- The problem
All that is needed is the lines from the one containing "从一个相反的站位距离还有好几" through the end of the listing, printed exactly, with no pictures among them.

- Collected material
_ _ _ _
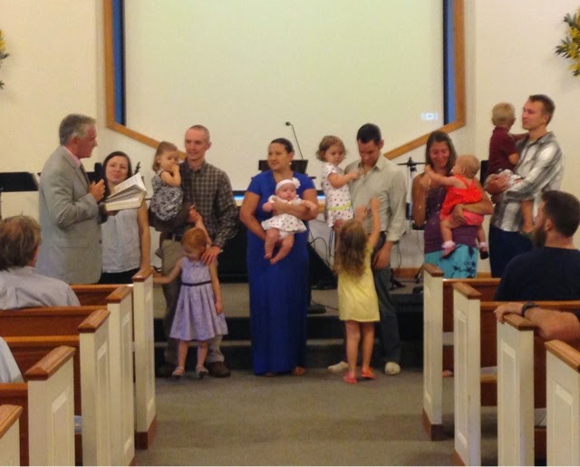 We had wanted to dedicate callen when he was a baby, but it never worked out. And now maelyn just turned one so We figured we better plan it before time keeps going by. It was special that my dad could dedicate the kids. And chads parents made the trip up to be there for it as well. Such a godly heritage for callen and maelyn. We wanted to dedicate the kids to God, as they are truly gifts from Him. And ultimately they are His! We thank God for them and we pray that they will grow up to know and love Him with all of their hearts. It was nice to be able to dedicate the kids along with Ron and Bobbi and Jesse and Andrea and their kids.
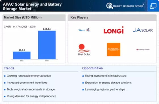 The APAC Solar Energy and Battery Storage Market presents substantial investment opportunities and growth potential. With the region's increasing focus on renewable energy, private and public sector investments are surging. According to recent reports, investments in renewable energy in Asia-Pacific reached over USD 100 billion in 2021, with solar energy and battery storage accounting for a significant portion of this figure. The growing interest from venture capitalists and institutional investors in clean energy technologies further underscores the market's attractiveness. Additionally, the emergence of innovative business models, such as energy-as-a-service and community solar projects, is likely to create new avenues for investment. As the APAC region continues to prioritize energy transition and sustainability, the Solar Energy and Battery Storage Market is expected to thrive, attracting diverse stakeholders and fostering economic growth.
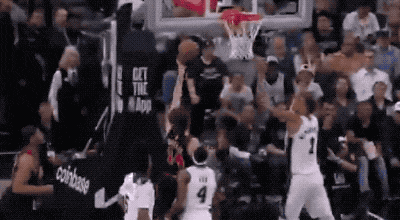 从一个相反的站位距离还有好几步,转身扑过来盖帽,盖帽之后一手挂了一下篮筐,落地还能抢到篮板,每一个描述,都让人觉得反人类啊,难怪都叫他外星人。
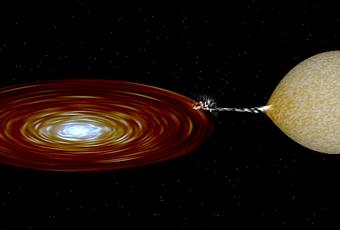 Las binarias de rayos X son sistemas estelares compuestos por un objeto compacto (que puede ser una estrella de neutrones o un agujero negro) y una estrella ‘normal’. El objeto compacto arranca materia de la estrella y la incorpora lentamente a su propia masa a través de un disco que se forma en torno a él. A este proceso se le conoce con el nombre de acreción. Tan sólo se conocen unas 20 binarias con agujero negro de una población estimada de unas 5.000 en la Vía Láctea.
_ _ _ _
- Task answer
 从一个相反的站位距离还有好几步,转身扑过来盖帽,盖帽之后一手挂了一下篮筐,落地还能抢到篮板,每一个描述,都让人觉得反人类啊,难怪都叫他外星人。
 Las binarias de rayos X son sistemas estelares compuestos por un objeto compacto (que puede ser una estrella de neutrones o un agujero negro) y una estrella ‘normal’. El objeto compacto arranca materia de la estrella y la incorpora lentamente a su propia masa a través de un disco que se forma en torno a él. A este proceso se le conoce con el nombre de acreción. Tan sólo se conocen unas 20 binarias con agujero negro de una población estimada de unas 5.000 en la Vía Láctea.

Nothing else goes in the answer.